Ana Sayfa 1998-2012 Yaşasın hainlik

Yaşasın hainlik

DÜNYADA Türkiye’den başka hainlerin itibarlı olduğu ve ödüllendirildiği hiçbir ülke yoktur, diye sözlerime başlamak istiyorum. Bir yazının girişi böyle olur mu diye soranlar bulunabilir. Ama eminim ki benim duyduğum ızdırapları anlayanlar bana hak verecektir. Bugün yeryüzündeki memleketlerin ahalilerinin büyük bir çoğunluğu birden fazla ırka dayanır. Her ülke ve her devlette az veya çok o ülkenin kurucularının dışında insanlar vardır. Bu bir yerde günümüz devletleri için kaçınılmaz. Afrika’nın en ücra köşelerindeki ülkelerde dahi pek az bir yüzde hâlinde de olsa değişik insan grupları söz konusudur. Hele çağımızda devletlerin kapalı kalması mümkün değildir. Geçmişle, günümüzün şartları oldukça farklı. İnsanlar, eskiden bir yerden başka bir yere gitmek için günlerce yol katederken; şimdi onbinlerce km’ye birkaç saat içerisinde ulaşıyorlar.

- Reklam -

Bugün dünyanın her tarafında birtakım etnik problemlerin olduğunu görüyoruz. Bu açıdan sorunsuz bir ülke herhalde gösterilemez. O memleketlerde yaşayan insanlar haklı ya da haksız, birbirleriyle şu veya bu şekilde çatışıyorlar. Bu kavgalar bazen demokratik ortamlarda olabildiği gibi, umumiyetle şahit oluyoruz ki zaman zaman çok kanlı cereyan ediyor. Acımasız savaşların geçtiği, basın-yayın organlarından da yakından takip ettiğimiz mevzuubahs olunan, ülkelerinin büyük bir kısmında, azınlıkta kalanların meşru yönetime karşı alenen ilân edilmiş bir savaşları var. Bunlara örnek olarak; İspanya’da Basklıların, Britanya Adalarında İrlandalıların, Fransa’da Korsikalıların vs. hareketlerini gösterebiliriz. Adı geçen etnik gruplar bağlı oldukları devletlerden ayrılma niyetlerini açıkça ortaya koyuyorlar. Buna bağlı olarak da, bu ülke yönetimlerine savaş ilân ettiklerini biliyoruz.

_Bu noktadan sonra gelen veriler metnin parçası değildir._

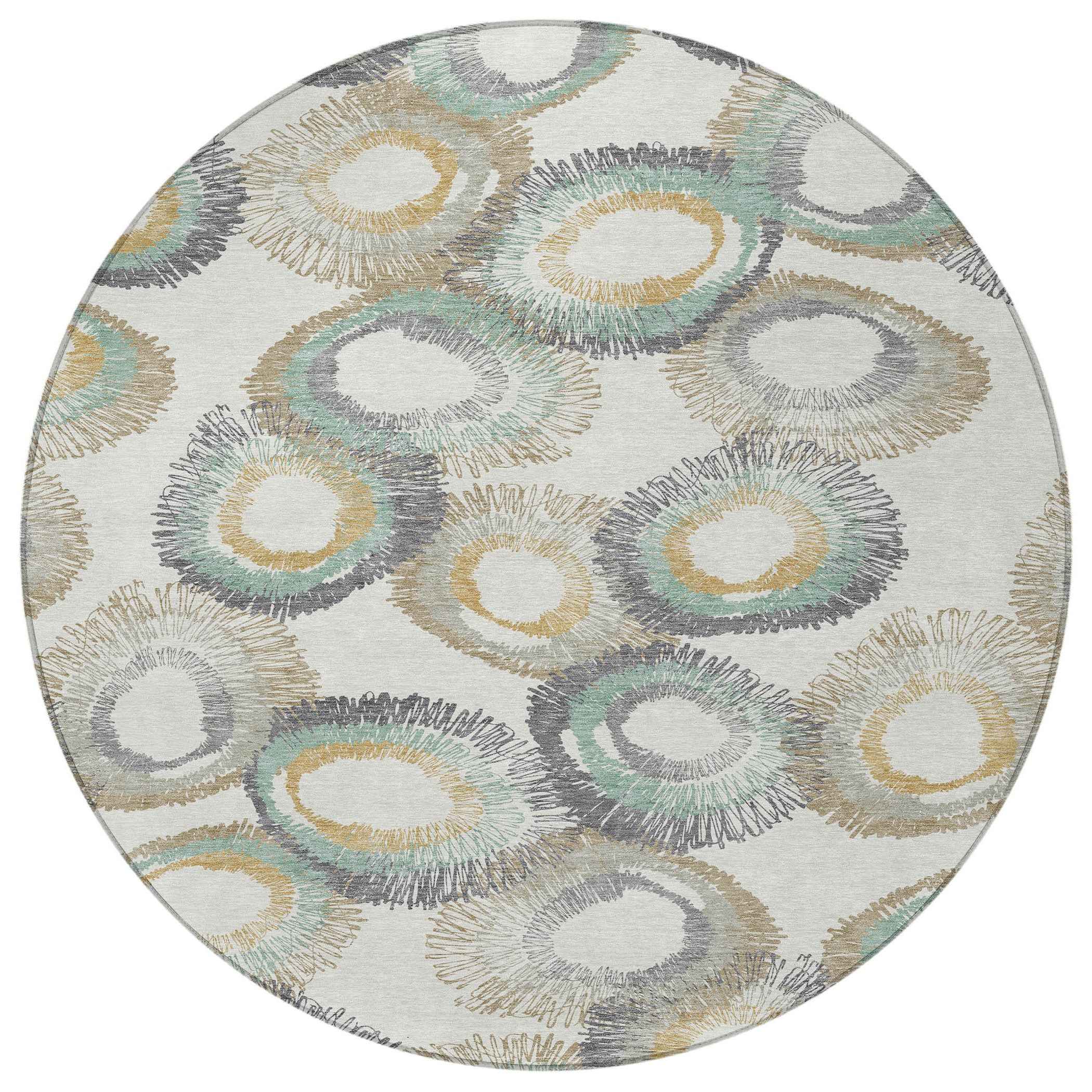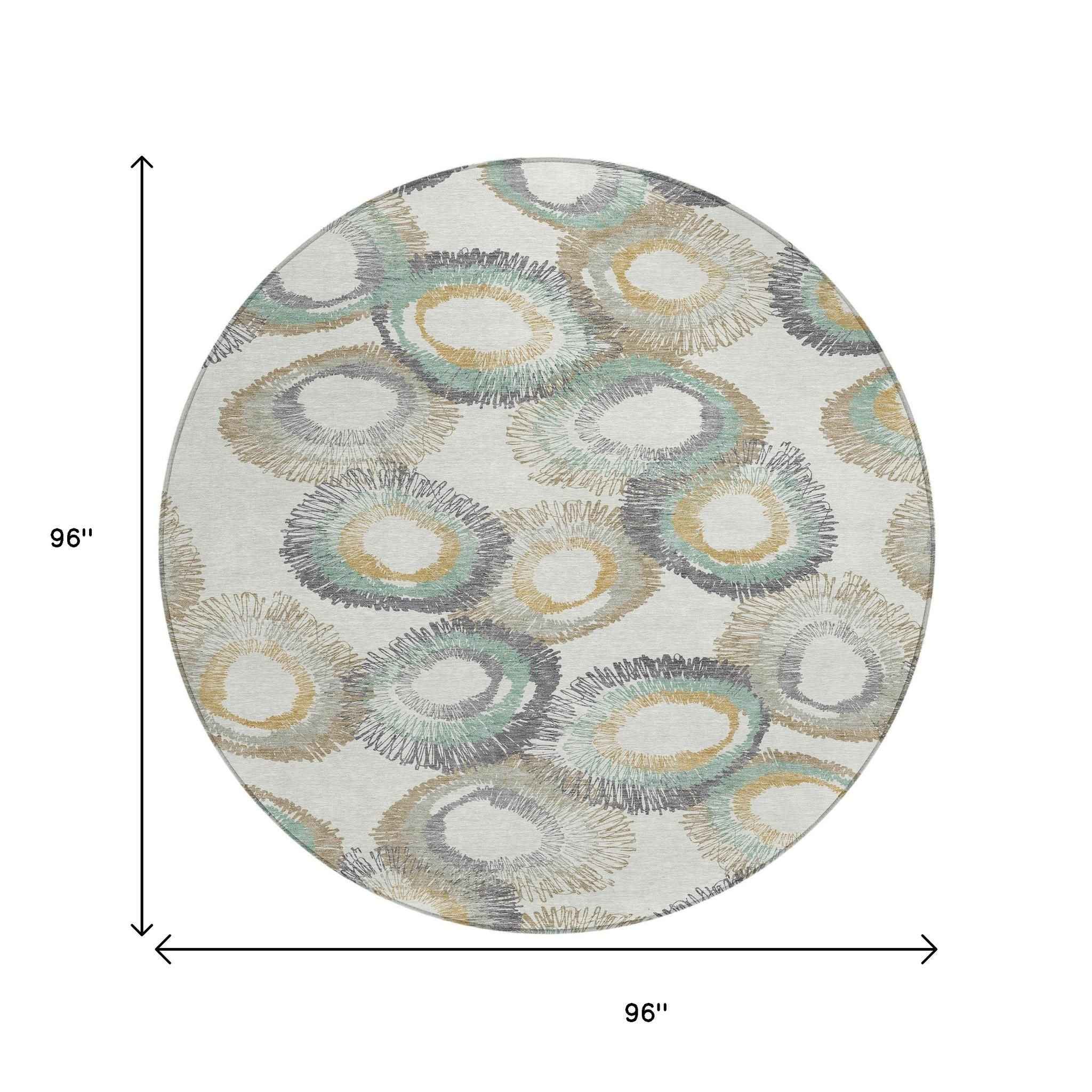 8' Ivory Taupe And Gold Round Geometric Washable Indoor Outdoor Area Rug
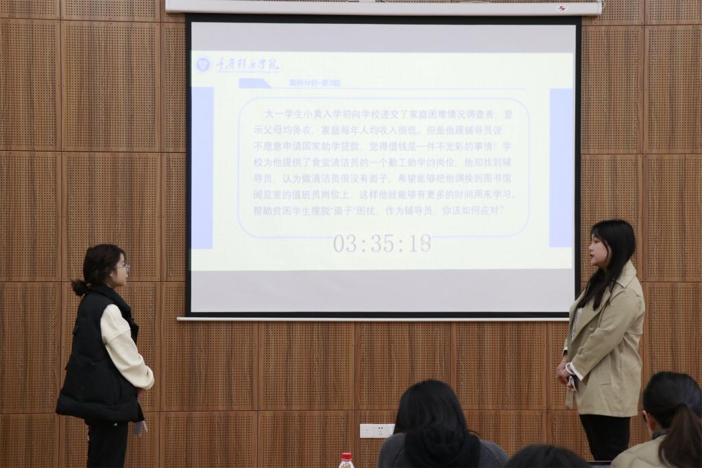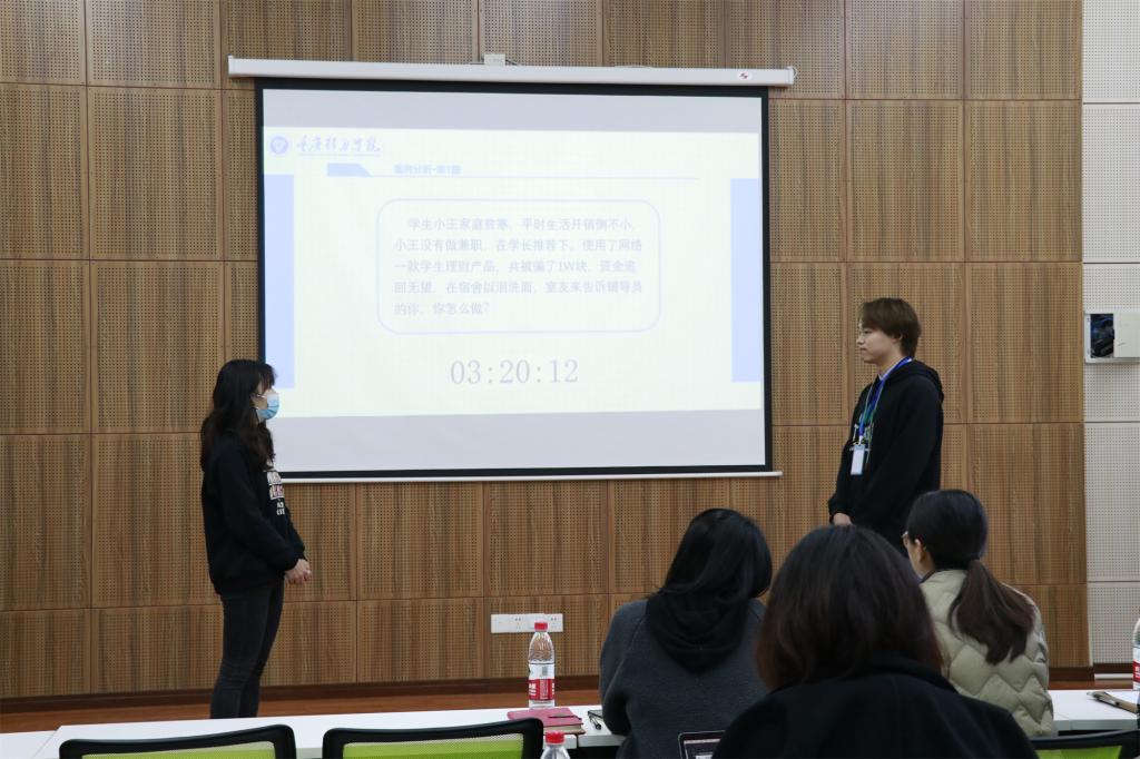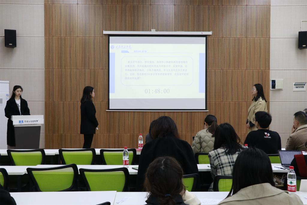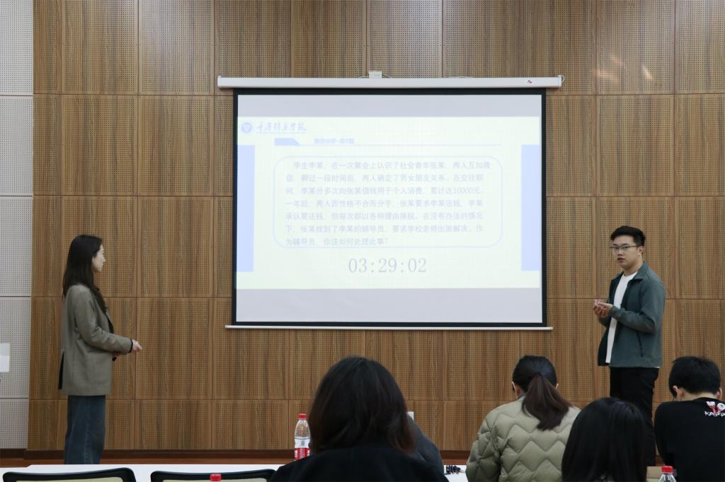 在案例分析环节,比赛通过赛前抽取小组,AB签位,“我提问,你回答”的方式开展,由AB选手围绕案例共同分析问题并以你问我答的方式解决问题。这些案例呈现了大学生日常生活中常遇到的诈骗、权益、生活、感情、安全、心理等各方面的问题,充分地考察了各位辅导员的随机应变能力以及处理实际问题的能力。

Yukarıda belirttiğimiz halk mücadelelerinin bir başka özelliği de, bu ayrılıkçı hareketlerde bulunanlar, en azından alenî olarak yaşadıkları devletlere karşı, başka herhangi bir ülkeyle işbirliği içinde değiller. Kendi mücadelelerini kendileri yürütmeye çalışıyorlar. Böyle değilse bile, dünya kamuoyu onların ikinci ya da üçüncü başka bir devletle işbirliği yaptığını bilmiyor. Hattâ başka bir memleketten lojistik destek almayı kendileri açısından şerefsizlik addediyorlar. Yaptıkları kanlı ya da kansız protestolar da, hiçbir vakit yaşadıkları o ülke yöneticileri, ileri gelenleri veya basın-yayın kurumlarınca kahramanlık olarak sayılmıyor. Bunun en basit örneği 2004 martında, İspanya’da yaşanan bombalama hâdisesidir. Sanki bütün İspanya topyekûn olmuşçasına terörü lânetledi. Benzer olaylar onlarca yıldır Türkiye’de de meydana geldi, böylesine ciddî bir karşı duruşu biz sergileyemedik. İspanya’da bu işi basın ve halk birlikte yaptı; Türkiye’de ise birtakım basın-yayın grupları âdeta teröre çanak tuttu.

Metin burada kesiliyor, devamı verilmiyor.